**Action item**: Your answer must consist only of the lines from the start of the entries through the line that holds "Crafted from 100%", copied exactly, with no pictures.

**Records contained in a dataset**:
■ ■ ■ ■ ■ ■ ■
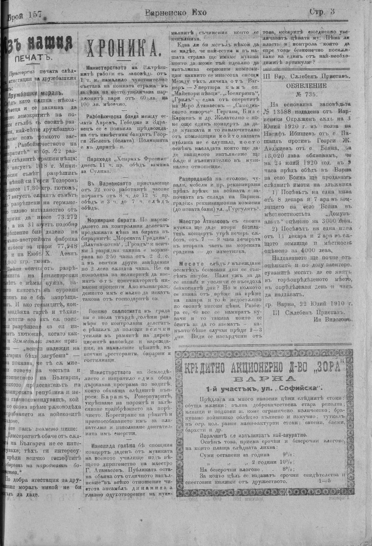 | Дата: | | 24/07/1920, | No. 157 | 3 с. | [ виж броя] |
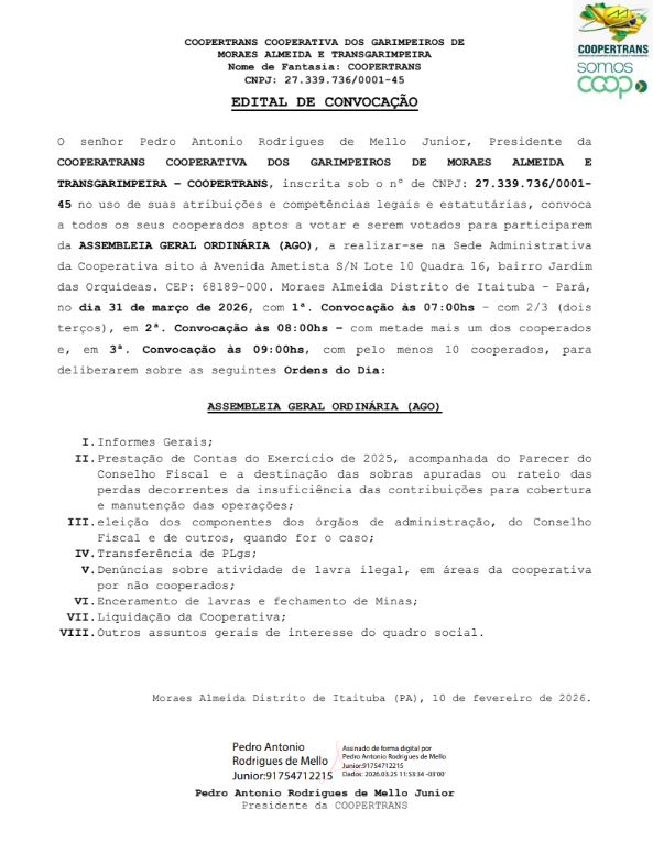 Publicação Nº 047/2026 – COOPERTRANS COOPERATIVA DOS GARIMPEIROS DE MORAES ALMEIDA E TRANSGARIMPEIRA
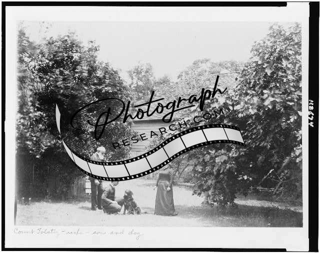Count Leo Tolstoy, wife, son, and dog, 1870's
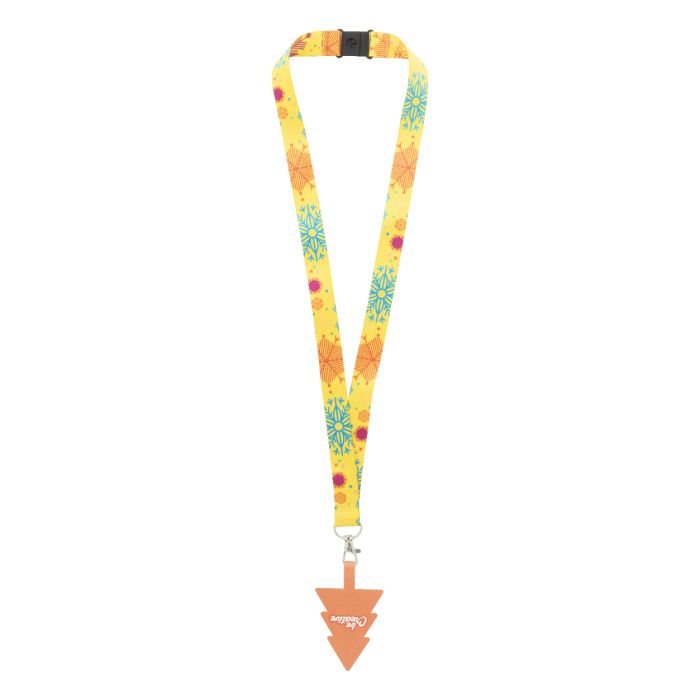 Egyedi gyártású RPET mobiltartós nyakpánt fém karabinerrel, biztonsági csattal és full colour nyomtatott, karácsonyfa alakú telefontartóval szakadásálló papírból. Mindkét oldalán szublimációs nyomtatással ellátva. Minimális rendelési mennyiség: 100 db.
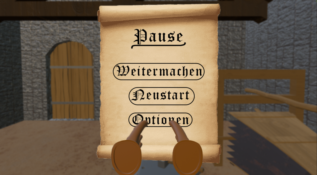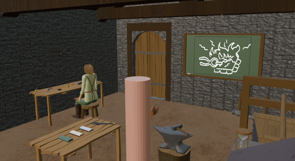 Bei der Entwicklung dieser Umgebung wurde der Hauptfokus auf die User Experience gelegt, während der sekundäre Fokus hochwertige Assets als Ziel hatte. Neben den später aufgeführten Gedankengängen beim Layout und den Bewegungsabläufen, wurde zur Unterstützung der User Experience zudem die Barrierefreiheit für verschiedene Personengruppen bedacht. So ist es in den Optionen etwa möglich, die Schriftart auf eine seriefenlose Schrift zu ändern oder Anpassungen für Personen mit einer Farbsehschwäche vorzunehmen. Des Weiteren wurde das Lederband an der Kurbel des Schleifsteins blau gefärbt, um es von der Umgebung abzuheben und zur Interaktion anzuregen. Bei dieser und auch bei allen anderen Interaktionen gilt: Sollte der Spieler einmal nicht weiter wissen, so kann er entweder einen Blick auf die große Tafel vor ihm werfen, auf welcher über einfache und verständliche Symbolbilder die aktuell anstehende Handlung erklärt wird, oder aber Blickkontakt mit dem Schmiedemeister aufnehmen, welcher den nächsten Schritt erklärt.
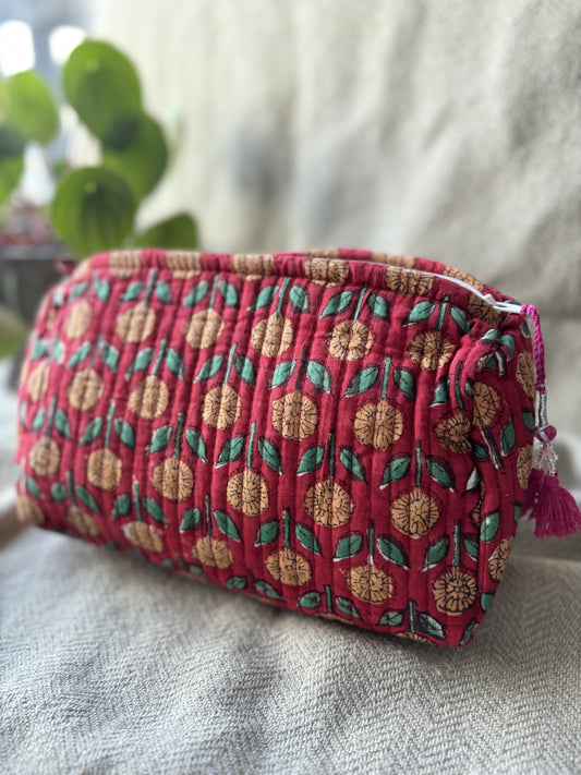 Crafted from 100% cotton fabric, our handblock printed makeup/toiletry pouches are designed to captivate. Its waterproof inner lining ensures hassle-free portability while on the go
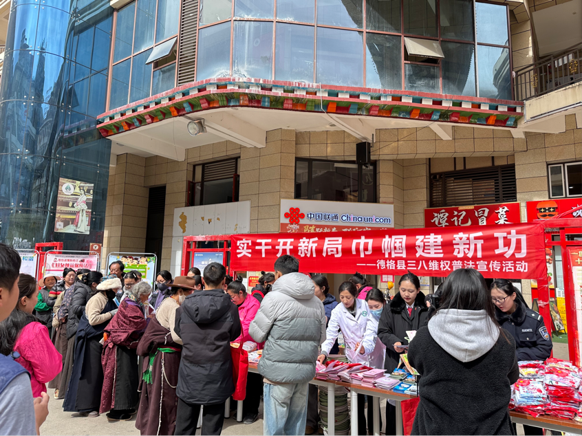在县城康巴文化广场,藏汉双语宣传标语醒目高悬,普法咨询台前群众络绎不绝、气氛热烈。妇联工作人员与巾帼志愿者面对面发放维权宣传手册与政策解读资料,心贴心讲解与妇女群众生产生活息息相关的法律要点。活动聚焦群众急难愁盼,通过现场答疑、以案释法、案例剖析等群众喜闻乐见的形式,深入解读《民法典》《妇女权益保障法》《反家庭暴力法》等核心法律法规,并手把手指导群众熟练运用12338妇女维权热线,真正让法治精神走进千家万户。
■ ■ ■ ■ ■ ■ ■
**Written response**:
 | Дата: | | 24/07/1920, | No. 157 | 3 с. | [ виж броя] |
 Publicação Nº 047/2026 – COOPERTRANS COOPERATIVA DOS GARIMPEIROS DE MORAES ALMEIDA E TRANSGARIMPEIRA
Count Leo Tolstoy, wife, son, and dog, 1870's
 Egyedi gyártású RPET mobiltartós nyakpánt fém karabinerrel, biztonsági csattal és full colour nyomtatott, karácsonyfa alakú telefontartóval szakadásálló papírból. Mindkét oldalán szublimációs nyomtatással ellátva. Minimális rendelési mennyiség: 100 db.
 Bei der Entwicklung dieser Umgebung wurde der Hauptfokus auf die User Experience gelegt, während der sekundäre Fokus hochwertige Assets als Ziel hatte. Neben den später aufgeführten Gedankengängen beim Layout und den Bewegungsabläufen, wurde zur Unterstützung der User Experience zudem die Barrierefreiheit für verschiedene Personengruppen bedacht. So ist es in den Optionen etwa möglich, die Schriftart auf eine seriefenlose Schrift zu ändern oder Anpassungen für Personen mit einer Farbsehschwäche vorzunehmen. Des Weiteren wurde das Lederband an der Kurbel des Schleifsteins blau gefärbt, um es von der Umgebung abzuheben und zur Interaktion anzuregen. Bei dieser und auch bei allen anderen Interaktionen gilt: Sollte der Spieler einmal nicht weiter wissen, so kann er entweder einen Blick auf die große Tafel vor ihm werfen, auf welcher über einfache und verständliche Symbolbilder die aktuell anstehende Handlung erklärt wird, oder aber Blickkontakt mit dem Schmiedemeister aufnehmen, welcher den nächsten Schritt erklärt.
 Crafted from 100% cotton fabric, our handblock printed makeup/toiletry pouches are designed to captivate. Its waterproof inner lining ensures hassle-free portability while on the go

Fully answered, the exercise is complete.